In an interview with Chief Healthcare Executive®, McCauley discusses the work Lehigh Valley has done to provide high-quality care for patients with diabetes, and offers suggestions for health systems who are looking to improve.

The team approach

When asked for a key ingredient in Lehigh Valley’s success, McCauley pointed to the fact that it’s a priority across the organization.

“We really do try to have a team approach, and it’s not just the doctors or just the nurses,” he says.

Meal servers, for example, will make sure to remind patients with diabetes that they have to get their blood sugar checked.

If a patient is going to have surgery and won’t be eating, medication will be adjusted, he notes. Similarly, if a patient in an intensive care unit is receiving steroids, “that’s going to affect their diabetes,” he says.

“Everyone needs to take ownership of it,” McCauley says. “Not to say they have to manage it, but be aware of their therapy if they have an impact on the control of the diabetes, and make sure appropriate people who would need to make adjustments to the medication are being informed about that. That’s, I think, probably the biggest thing.”

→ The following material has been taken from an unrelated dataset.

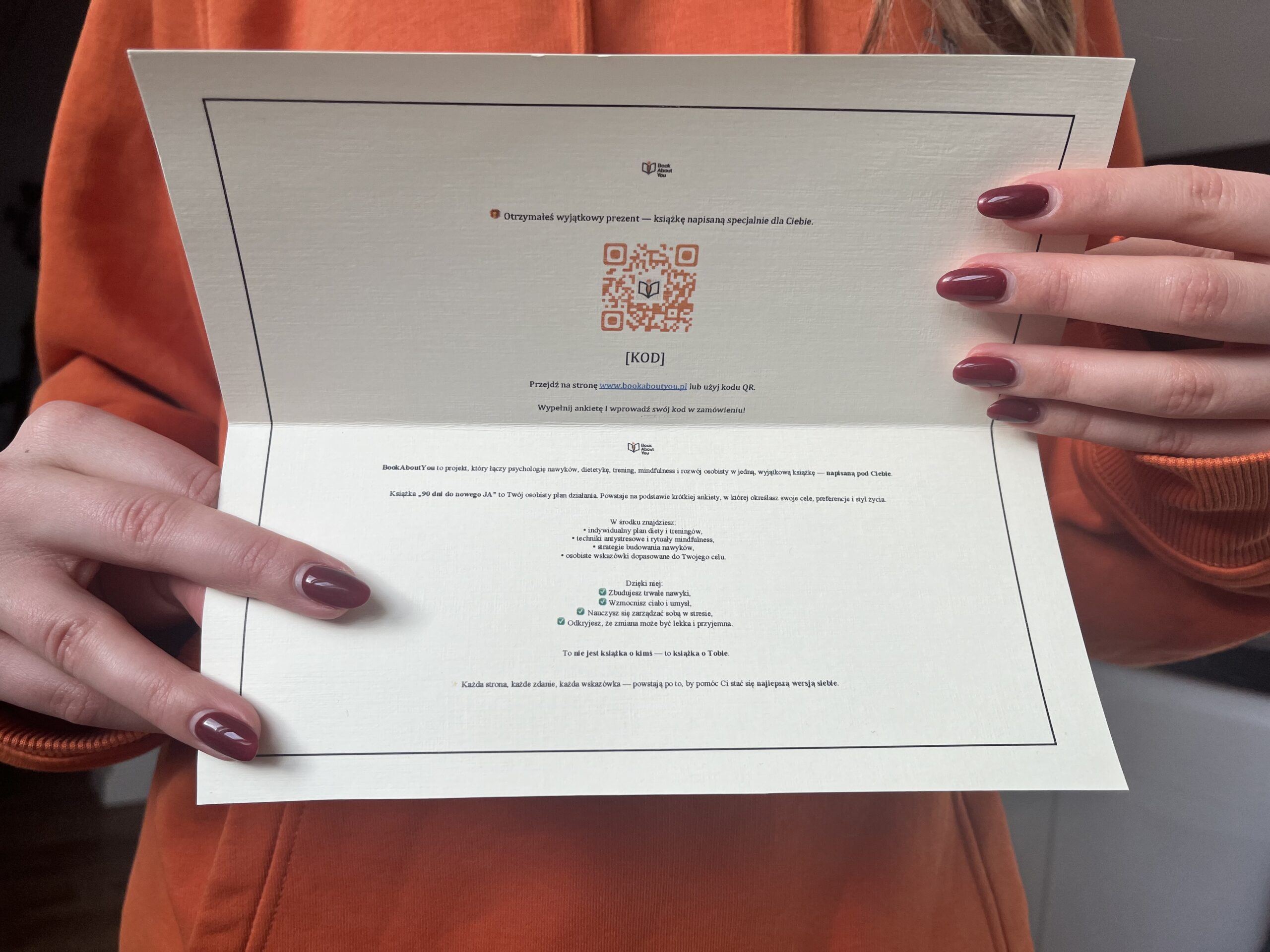 To spersonalizowana książka, która powstaje na podstawie krótkiej ankiety. Każda strona opisuje drogę, jaką obdarowana osoba chce przejść w najbliższych 90 dniach – od motywacji i nawyków po dietę, treningi i mindfulness.

Lehigh Valley’s nurses also play a critical role, reinforcing the need for patients to regularly check their blood sugar and helping to guide patients with what they need to do outside the hospital.

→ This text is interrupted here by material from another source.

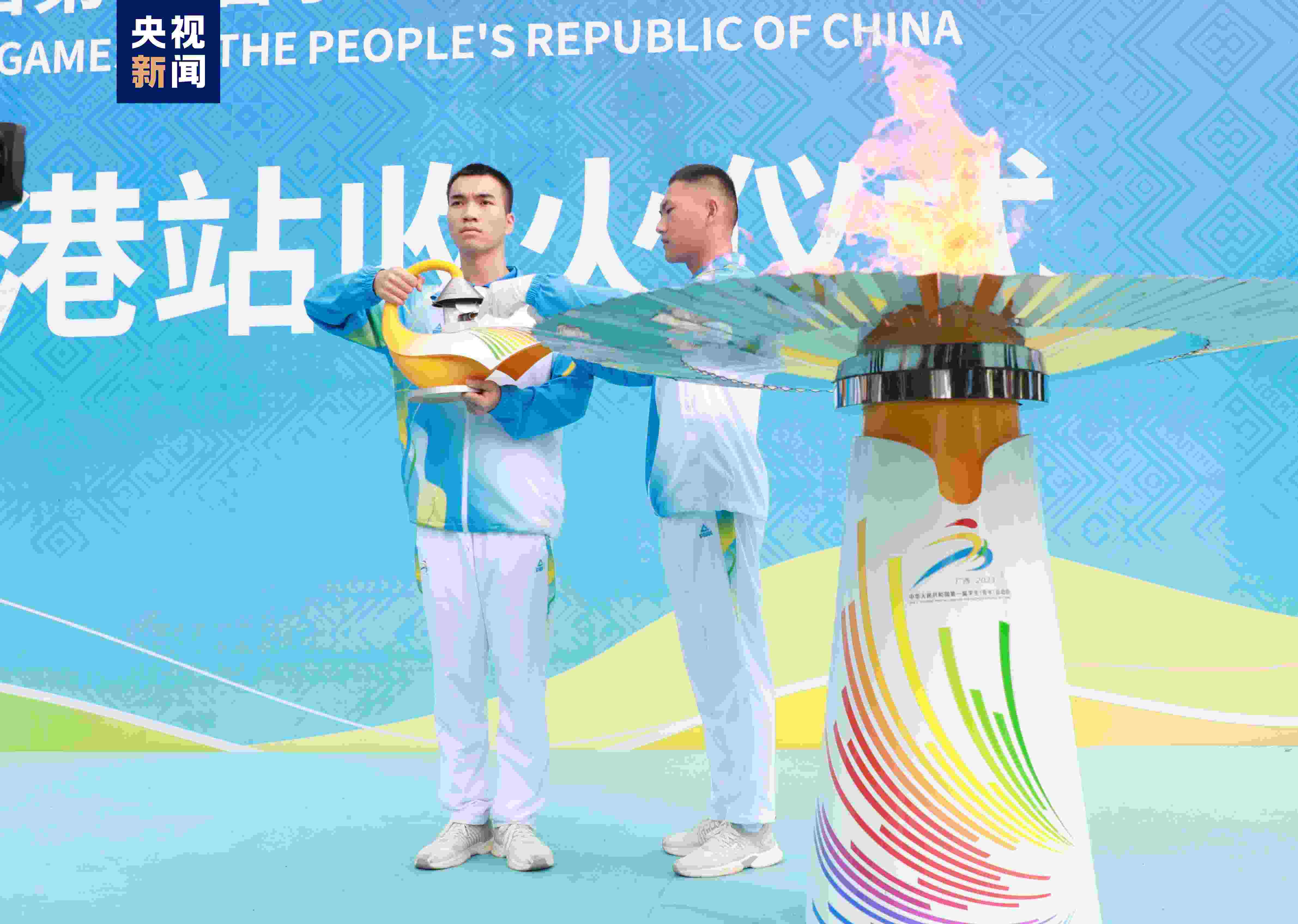 最后一棒火炬手完成最后100米接力后,用火炬點燃圣火盆,隨后火種護(hù)衛(wèi)引回火種,這也標(biāo)志著首屆學(xué)青會火炬?zhèn)鬟f在貴港完成傳遞,將奔赴下一站——南寧。

The health system also has developed a strong team of diabetes educators who work with patients, and with clinicians to be in tune with diabetes management, McCauley says.

“They’re very invested in making sure we’re treating diabetes appropriately,” McCauley says. “We know how much diabetes affects so many other aspects of their health care in the hospital, that they want to make sure that they keep that as a forefront.”

Reaching patients

Part of helping people with diabetes involves tackling some other social factors that are affecting their health more broadly.

McCauley acknowledges that it’s difficult.

“I wish I had the magic answer, because I don’t think we do,” he says. “I think it’s trying to get to each patient at their level and what we can offer them with our network.”

Lehigh Valley’s population health department will work with patients who may have transportation issues that make it more difficult to get to clinics. Lehigh Valley also offers telehealth appointments for patients that can’t easily get to an office for an appointment.

Lehigh Valley’s physicians will also go to clinics and offices serving more remote communities in northeastern Pennsylvania.

The system also tries to help patients with their diet.

“I think medicine is never one answer that fits everyone, and it’s trying to find the right answer that fits for that person … really just sitting down, understanding where they’re coming from and finding out, you know, what they’re able to change, what they’re willing to change, and then trying to come up with a plan together that works for them.”

Making diabetes a priority

McCauley stresses the importance of the entire health system getting efforts to improve diabetes care. Hospitals that are aiming to do better for patients with diabetes need to make it a goal across the organization.

He also says it doesn’t necessarily require a substantial financial investment, but hospitals will need to spend time on diabetes care.

“They will need the time investment to get sure that they have the education to give to the providers and the nurses …and support from the senior leadership to make it a priority,” McCauley says.

“Unfortunately, there’s so many different priorities out there that every system is looking at, unless it’s a priority that is being monitored, being tracked, it’s going to fall to the wayside, because there’s going to be other priorities that’s going to overtake it.”

Again, though, McCauley emphasizes the value of the team approach for hospitals in caring for patients with diabetes.

“Our successes were related to the teamwork, that we were all working together,” McCauley says. “It wasn’t just the endocrinology team that was doing it. Really, it was a system-wide approach. And I think for any other hospital system that wants to do it, that’s what they’re going to want to embrace.”